AIB and BoI mull Government bonds move after Davy exit
AIB looking to get back into market as part of planned repurchase of Goodbodys – sources
Bank of Ireland CEO Francesca McDonagh. Some industry observers say the bank’s move to assess the possibility of becoming a primary dealer may be part of the group’s plan to acquire Davy.
AIB and Bank of Ireland are looking into the prospect of becoming primary dealers in Government bonds, as Davy’s exit from this business in the wake of a trade scandal has left the State with no domestic financial house that is approved to be involved in the sale of debt for the State.
AIB, which was among a group of initial primary dealers when the National Treasury Management Agency (NTMA) was established in 1990 before resigning in 2005 as the level of government debt issuance slumped during the boom years, is looking to get back into this market as part of its planned repurchase of Goodbody Stockbrokers, according to sources.

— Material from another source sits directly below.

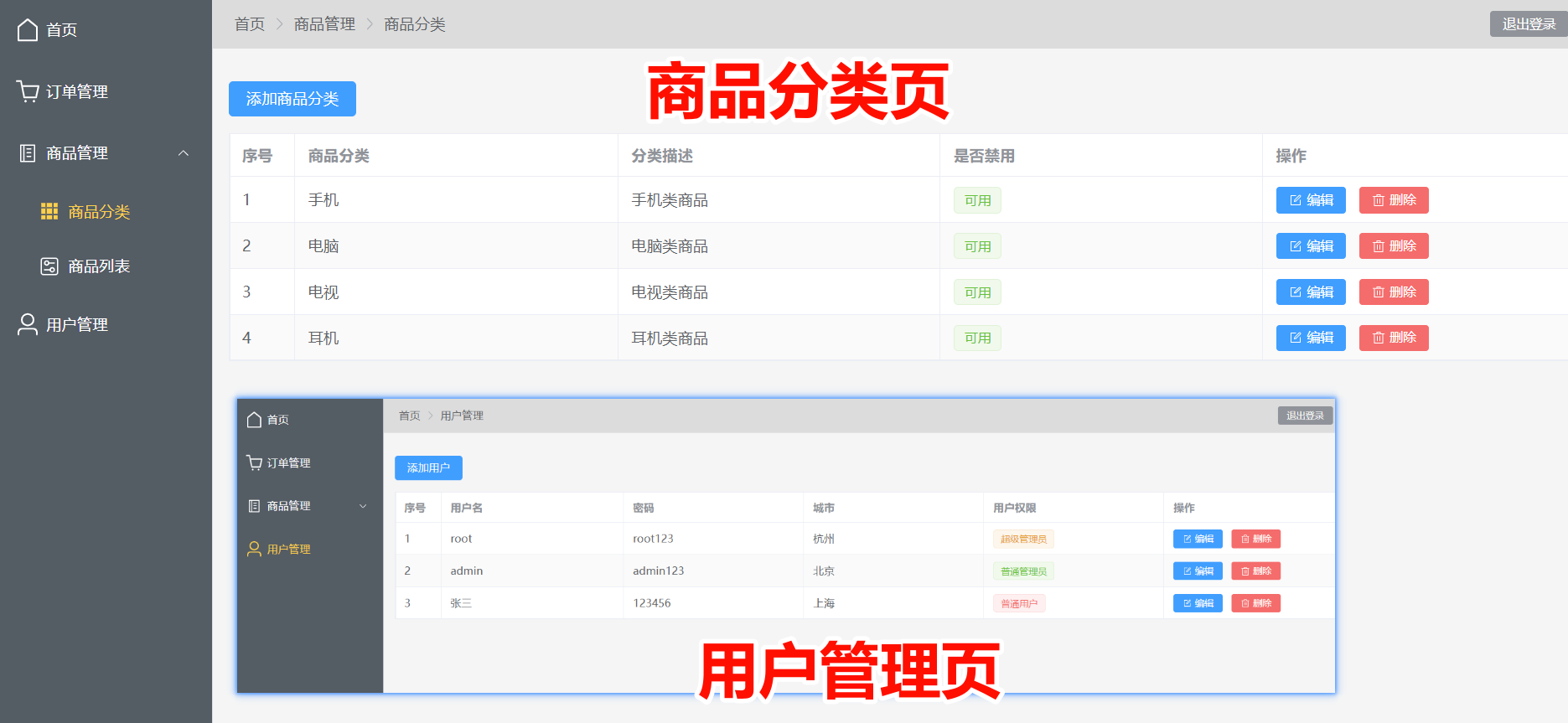 然后编写用户管理页,首先我们看下,用户管理页和之前学过的商品分类页是不是特别像

Goodbody has a small two-man bond desk. Primary dealers typically break even at best handling regular auctions, but stand to make considerable amounts in fees in managing larger bond sales, or what are known as syndicated bond deals.
Davy, which was essentially fired as a primary dealer by the NTMA last month, would have made about €4.5 million in fees from being one of six managers of such deals in three major bond sales since the start of 2020, through which the NTMA raised almost €16 billion, driven by the Government’s need for funds to deal with the spiralling costs of the Covid-19 pandemic.
An initial assessment by Goodbody for AIB, led by chief executive Colin Hunt, has concluded that it is imperative that the brokerage become a primary dealer in order to develop a credible bond, or fixed-income, offering for companies. It estimates that the firm would need to build up a small debt capital markets team to complement its equities business.
‘Serious consideration’ by BoI
Bank of Ireland, which lost its role in the primary dealership market with the sale of its former unit Davy back in 2006 to the brokerage’s management staff, has looked at a number of occasions over the past decade at getting into this market.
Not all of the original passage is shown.